Empires of the Word: A Language History of the World
- Author: Nicholas Ostler
- Language: English
- Genre: History, nonfiction
- Published: 2005
- Publisher: HarperCollins
- Publication place: United Kingdom
- Pages: 640
- ISBN: 9780062047359

= Empires of the Word =

2005 non-fiction book by Nicholas Ostler

Empires of the Word: A Language History of the World is a 2005 historical non-fiction book, by Nicholas Ostler. The 640-page book seeks to provide new insights into the spread and decline of large languages, especially exploring certain lingua francas around the world.

==Contents==
The book charts the history of spoken language, in its myriad forms, across the world.
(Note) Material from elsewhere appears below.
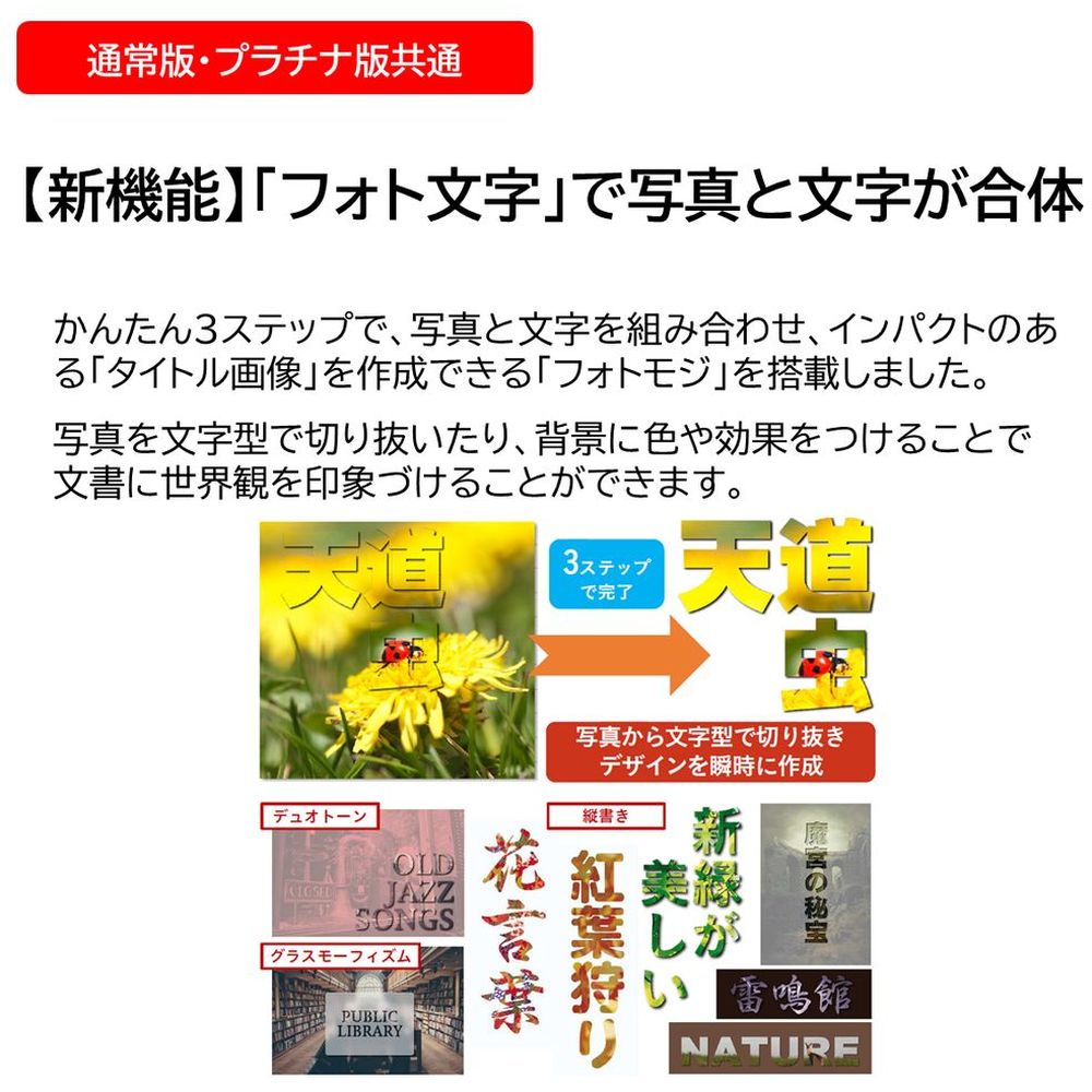 一太郎2024の上位版「一太郎2024 プラチナ」は、一太郎2024の全ての機能に加え、高品位フォント「ヒラギノフォント 厳選15書体」、

The book also explores the various lingua francas that have since seen decline.

==Reception==

Publishers Weekly called it "ambitious and accessible", and "stimulating".
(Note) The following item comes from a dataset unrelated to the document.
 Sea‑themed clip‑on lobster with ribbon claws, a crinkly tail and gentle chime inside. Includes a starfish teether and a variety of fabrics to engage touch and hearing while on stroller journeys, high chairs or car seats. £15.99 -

The Independent noted that the book's "chief pleasure [...] lies in its detail, and in its hieroglyphs, ideograms and scripts plus translations."

Kirkus Reviews found it to be "dense but enlightening" and "always challenging, always instructive—at times, even startling or revolutionary", but expressed concern that its "sometimes turgid text" and sheer scope could "overwhelm general readers", and thereby prevent it from receiving the attention it deserves.